Bwah. I am a Finn, meaning that I come from a country, where there are a total of three ring ways. One of which is only pretending. All of them are circling the capital area. In addition to these we have a few stretches of highways. But that is it. Not too bad to navigate. The Finnish road rage is also very confined and limited to silent murmuring. If you honk, the situation must be really, really bad.
So, out of that background I moved to Belgium. A country famous for its notoriously heavy traffic.
I have had to learn how to survive here, on the roads. Especially morning peak hour, and here are the guidelines for that:
Please take your nerves and stretch them. Then rip them apart and shove them somewhere in your trunk and start driving. You do nothing with patience and understanding out there on the roads. Instead you will need to be angry, aggressive and loud. Hatred is also recommended. Once arrived, take the nerves out of your trunk and place them where they should be.
You need a descent set of these. You need to realize that actually, it is you, and only you, who actually can drive. Everybody else is completely clueless about what they should be doing behind the wheel. You can let them know that fact. You, and your small car can push away trucks and pressure off people out of your way. You need the balls when you squeeze in between the lines of cars and drive that Twingo on the third lane, followed by 5 Audi’s and 6 BMW’s attached to your rear.
Immense amount of it. You will need to be able to gravely insult everybody. They can’t hear you but you damn right will yell at them. The yell is strengthened by a set of hand signals. If the situation is bad enough, you stop your car, on a highway, middle of it. You step out and you face that putain, lul, bastard, idiot, whatever, who was stupid enough to come in front of you or even push you! A special kind of rage is preserved for the moments, when someone dares to pass a queue using the emergency lane. Then you are allowed to go mental.

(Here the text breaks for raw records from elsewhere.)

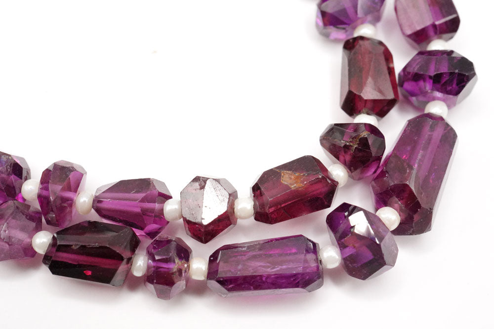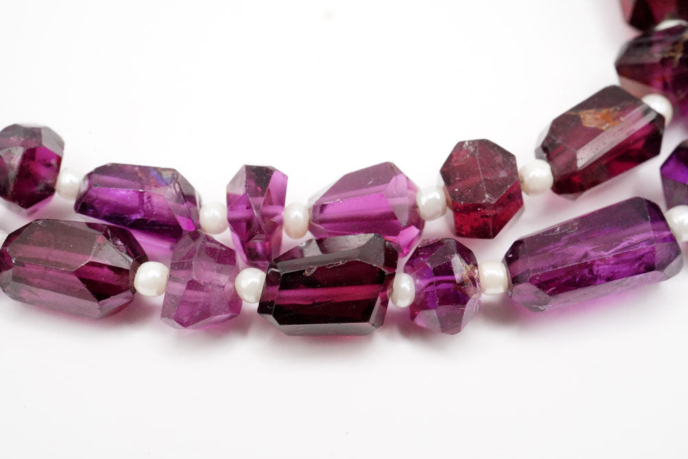 B.濃いルベライトのようなロードライトガーネットで作ったタンブルカット~ザクザクとしたチューブのような形が交互に入ったビーズです。ガーネット特有の細かな内部のキズが入ります。
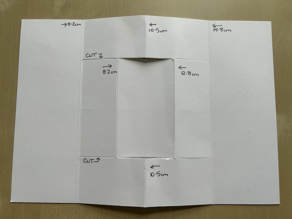 Score the card base (shown below in white for clarity) at 5.2cm and 15.8cm (or 5.2cm from the other side).
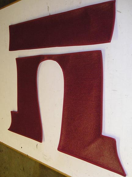 All XK models used Wilton carpet, with hardura panels. Hardura is a grained vinyl material with a jute backing. Carpet sets include all the pieces originally supplied. Each piece is vinyl bound as original. Heel pads are in the correct position and are the correct shape. Order under padding separately.
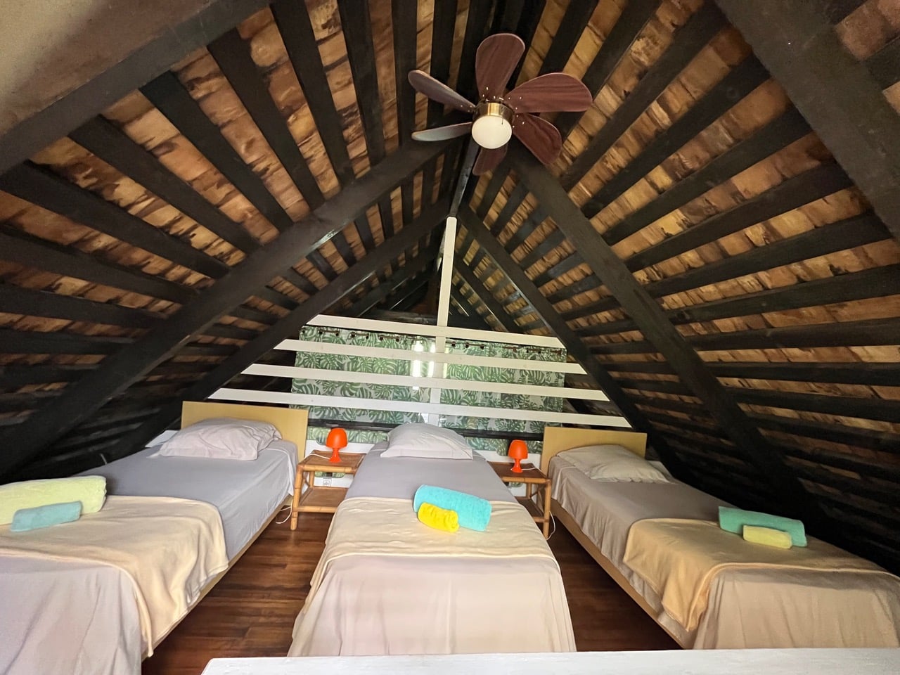 On the ground floor, there is a corridor with a wardrobe, a large kitchen, a living room with a fan and an air-conditioned bedroom (160 x 200 bed). On the first floor, there are 3 single beds (90 × 190) spread over a mezzanine floor with a fan and an air-conditioned bedroom with a double bed (160 × 200).
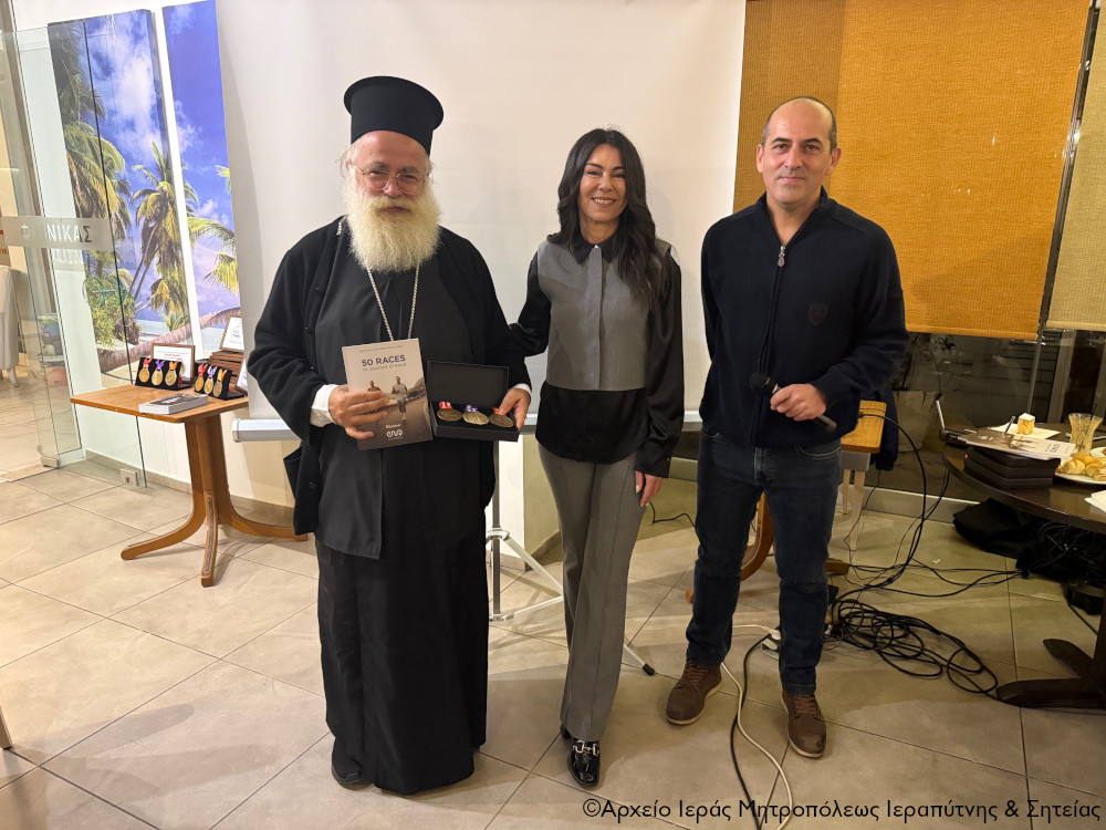 Ο Πρόεδρος του Συλλόγου κ. Νικ. Τζωρτζάκης ευχαρίστησε τον Σεβ. Μητροπολίτη κ. Κύριλλο, τους περευρισκομένους εκπροσώπους των Αρχών και των λοιπών φορέων για τη συνεργασία, και παρουσίασε συνοπτικά τις δράσεις και τους νέους στόχους του συλλόγου. Μάλιστα στο τέλος της εκδήλωσης επέδωσε, όπως και σε άλλους Φορείς, στον Σεβ. κ. Κύριλλο ως ένδειξη τιμής και ευγνωμοσύνης μία κασετίνα με τα τρία μετάλλια που μέχρι σήμερα έχει κυκλοφορήσει ο Σύλλογος και απονέμει στους νικητές των αγώνων, εμπνευσμένα από τα νομίσματα της αρχαίας Ιεράπυτνας.
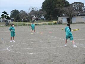 校庭でソフトボールに取り組んでいました。こちらもとても楽しそうにゲームを行っていました。
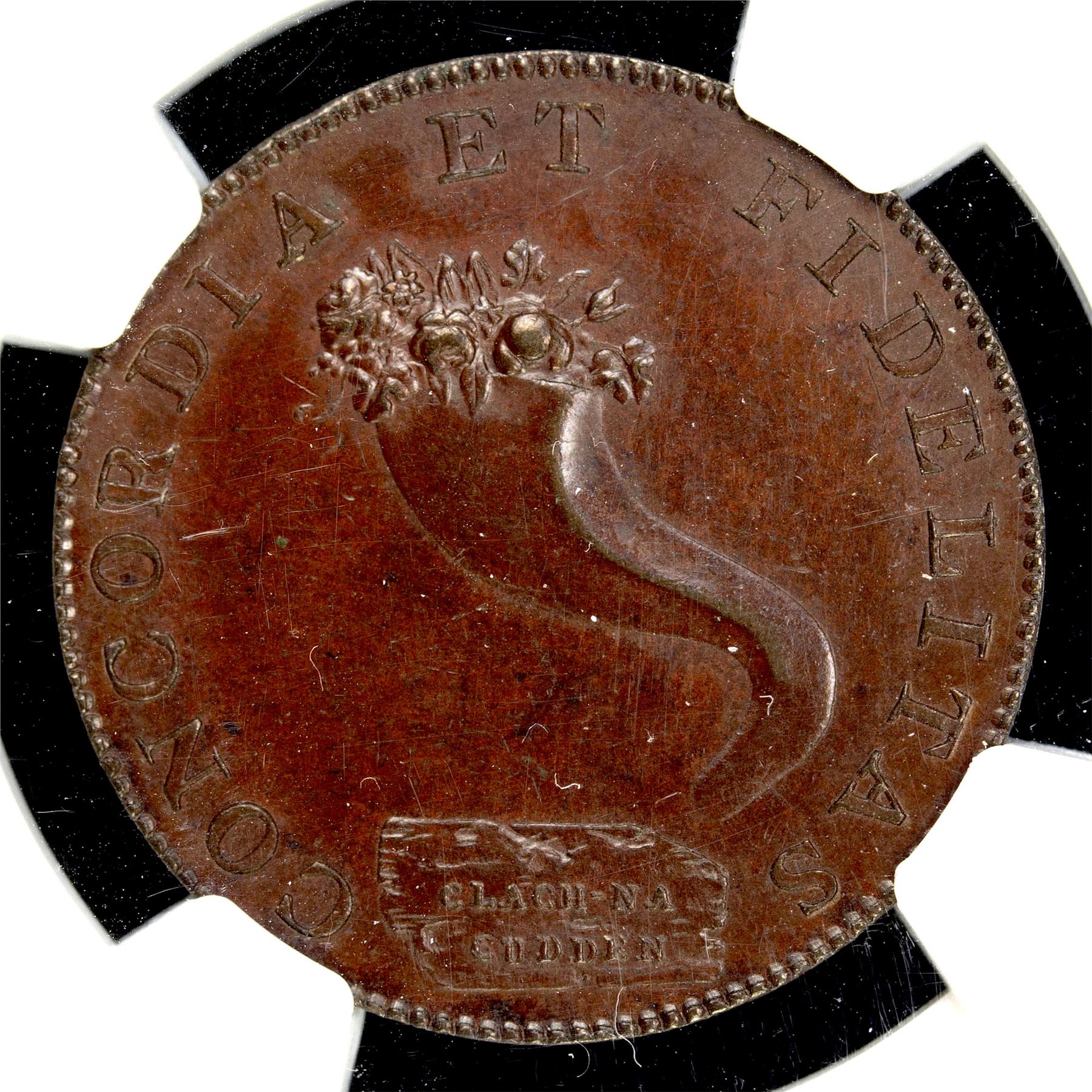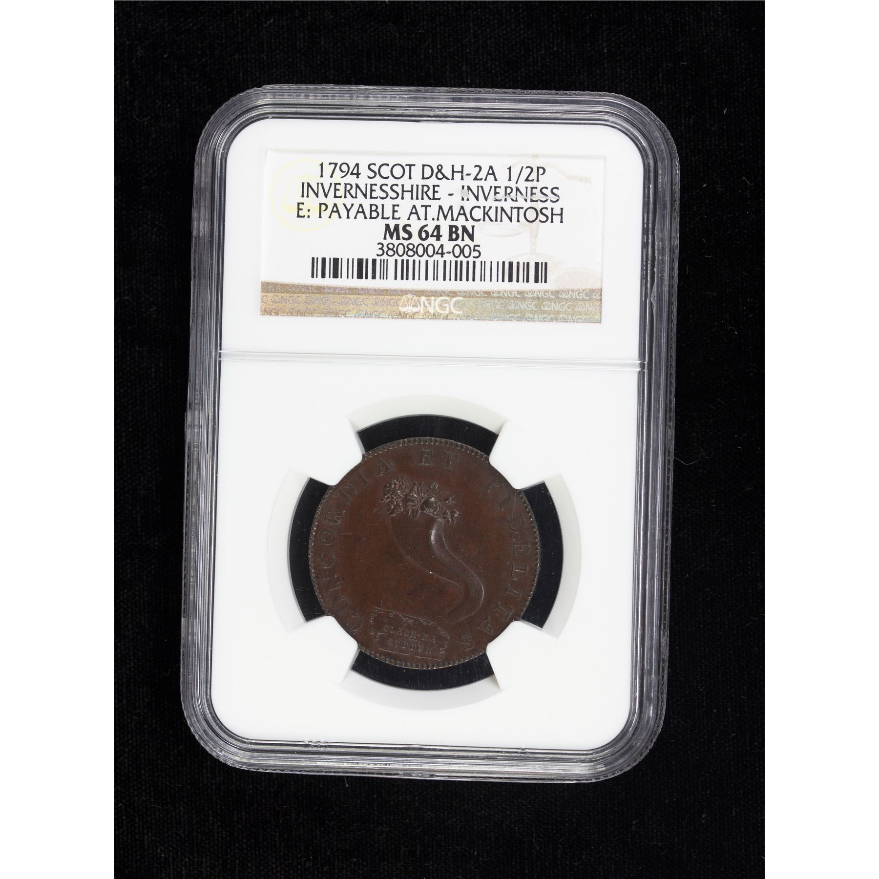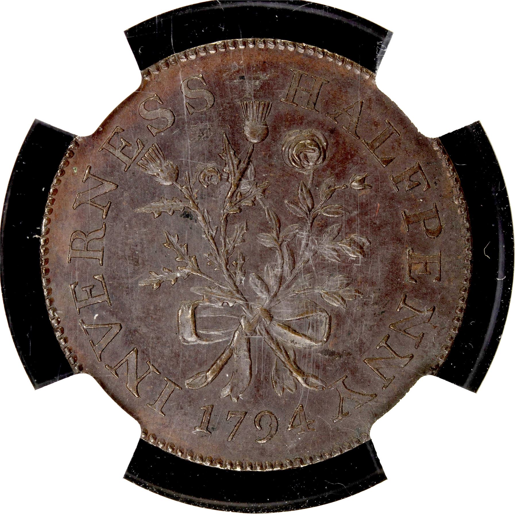 GREAT BRITAIN: SCOTLAND: Invernessshire, AE halfpenny token, 1794, D&H-2a, Inverness, thistle bouquet with "INVERNESS HALFPENNY - 1794" around // cornucopia with CONCORDIA ET FIDELITAS around and CLACH-NA / CUDDEN on stone at bottom, PAYABLE AT MACINTOSH INGLIS AND WILSON'S on edge, nice glossy, chocolate-brown surfaces, NGC graded MS64 BN.

When it rains, it rains often btw, there will be two types of people on the road. One group is those who get afraid. They slow down, massively. The other group is those, who do not mind a bit about the rain. The visibility is down to 5 meters and there is half a meter of water covering the road. But no need to reduce the speed. These two groups of people meet every now and then, resulting into a nice collision and a jam. If you want to come out of the rain as a winner, the best solution might be just to drive voluntarily into a lamp post and wait for the whole ordeal to be over. I am not going to even mention snowfall. You can imagine.

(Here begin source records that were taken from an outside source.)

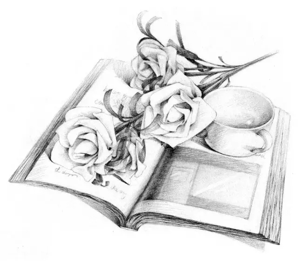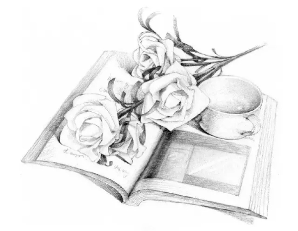 2.在步驟1的基礎上畫出玫瑰花、杯子以及下面的書大致的輪廓。不要畫得太重了,這些還都只是參考線。
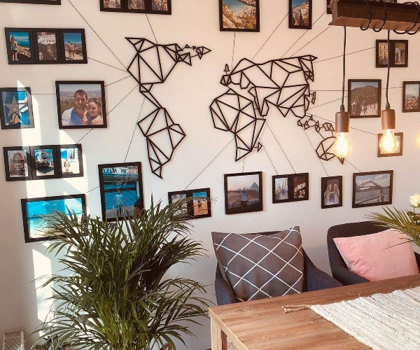 Our planet is not only made up of continents, mountains or seas but it also has your memories. So, here is a great opportunity to see and show them on your wall! Hang your travel photos around the world map and inspire your guests with this unique decor from Hoagard.
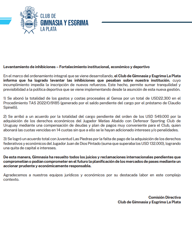 Con estas acciones, Gimnasia resolvió todos los juicios y reclamos internacionales pendientes que comprometían, o podían comprometer a futuro, la planificación deportiva del club. Desde la dirigencia remarcaron que este proceso se llevó adelante mediante un accionar prudente y económicamente responsable, priorizando la estabilidad institucional.

Belgium has a massive amount of trucks on its roads. There are couple of big harbors which bring in a lot of goods, which need to be transported to Germany, France and wherevernot in Europe. For that purpose they use trucks, quite some of them. They block about a third of almost all the highways. You will notice them especially, when you are passing the exit you were planning on taking, but there is a seamless wall of trucks in between you and the said exit, not willing to let you push through in between them. Also the trucks destroy roads. Belgian roads are in a terrible condition.

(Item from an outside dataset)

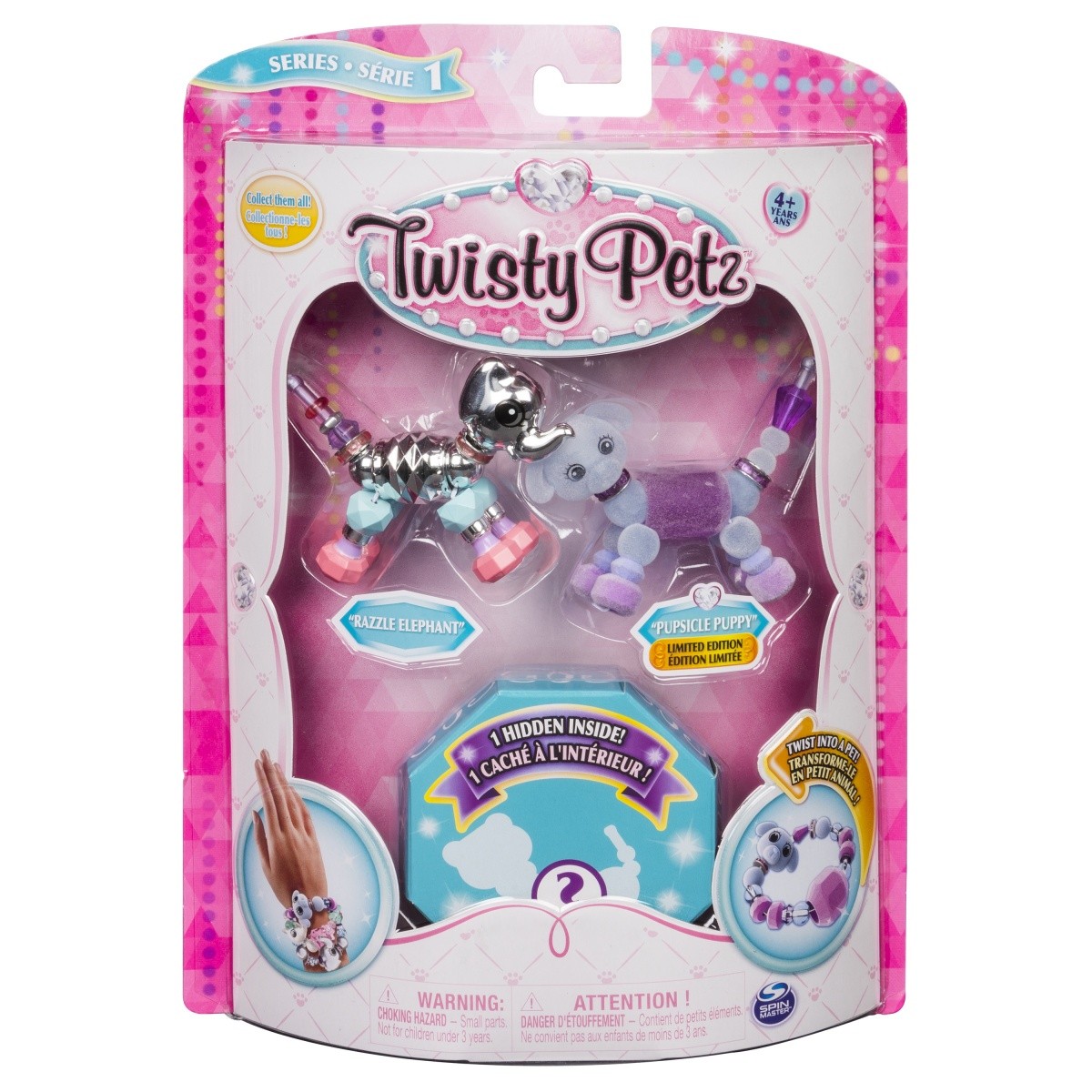 Bransoletka z której skręcisz zwierzaka! Twisty Petz to olśniewające bransoletki, które zmieniają się w urocze zwierzaki! Kucyki i kotki, magiczne jednorożce i wiele innych do zebrania! W odcieniach pastelowych, tęczowe, perłowe, transparentne i srebrne zwierzaki Twisty Petz z których skręcisz modne bransoletki i błyszczące naszyjniki! Aby skręcić zwierzaka z łątwością przekręć przednie i tylne łapy. Aby zmienić go z powrotem w bransoletkę, rozkręć i połącz oba końce. Aby nosić naszyjnik po prostu połącz trzy zwierzaki razem! Ten pełen klejnotów zestaw zawiera trzy urocze zwierzaki Twisty Petz - oraz niespodziankę! Ponad 70 zwierzaków do zebrania - odkryj ich urok!
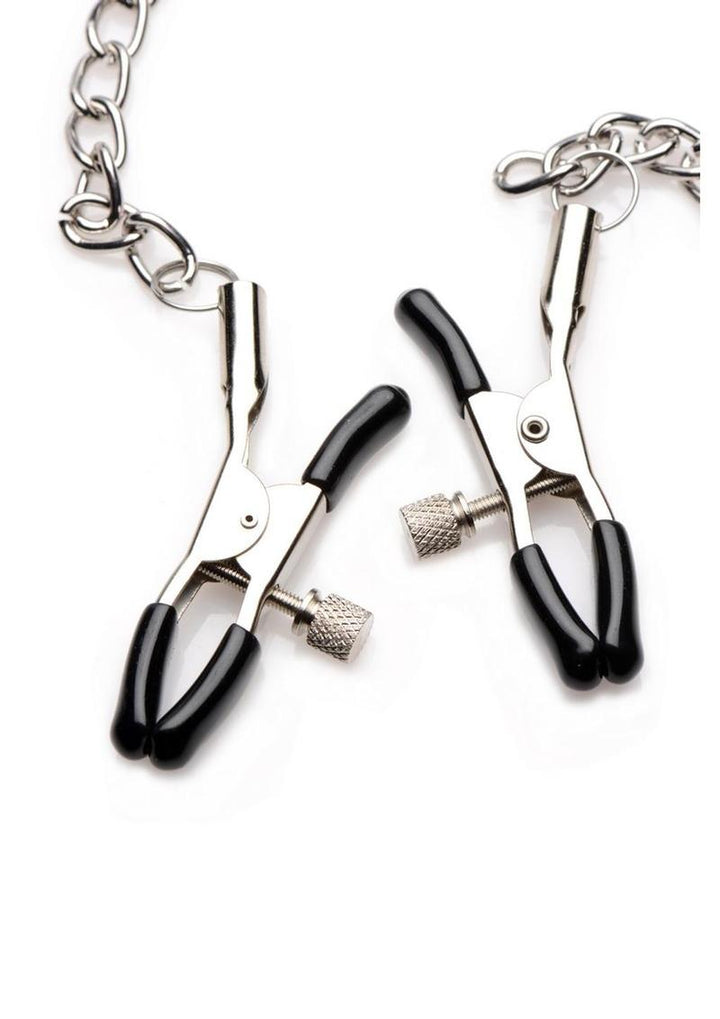 Ideal for training your pony, submissive, or slave, this combination of a bit gag and nipple clamps ensures that your plaything stays quiet, even as you deliver painful pleasure to their delicate nips! Stuff the premium silicone bit into their mouth and secure it with the soft, adjustable, red-stitched straps. The intensity of this devious device is taken up a notch with the addition of two connector chains on the metal rings that hold the gag. Each ends in an alligator nipple clamp, which allows you to adjust the pressure with thumbscrews. Vinyl coated tips make for a comfortable and secure grip. Enjoy every muffled moan and stifled gasp as you tease and torment your pet!

After all this, you might want to get to the place, where you were planning on going, in a somewhat reasonable time span. That means, that you just cannot jump onto the closest highway and drive there. First you choose your weapons. Google maps, local traffic information, provided by Touring here in Belgium. Add the traffic reports from radio to this. You will soon have the realization, that there is no point in taking your car with you at all. So take a compass and walk.
During the summer months you will find plenty of ongoing roadwork sites. Except that nothing is happening at those places. Lanes can easily be closed 2 weeks prior and two weeks after the working is actually happening. And of course simple repairs take ages. It seems to be also a new kind of game, to build a deviation, so that people can get around of your working site. And then start working also on that deviation, simultaneously, this is repeated a few times until everybody is unable to leave a city they somehow managed to enter.
As a Finn, I am terrified almost all the time. There is no space anywhere and everybody is trying to ram you into somebody else. I am rather happy that Waffle is doing most of the driving.
Please do realize, that this is not, nor is it trying to be a completely accurate description of Belgians and their traffic behavior. It does contain exaggerations and is somewhat colored with my views. Please try to be entertained by it.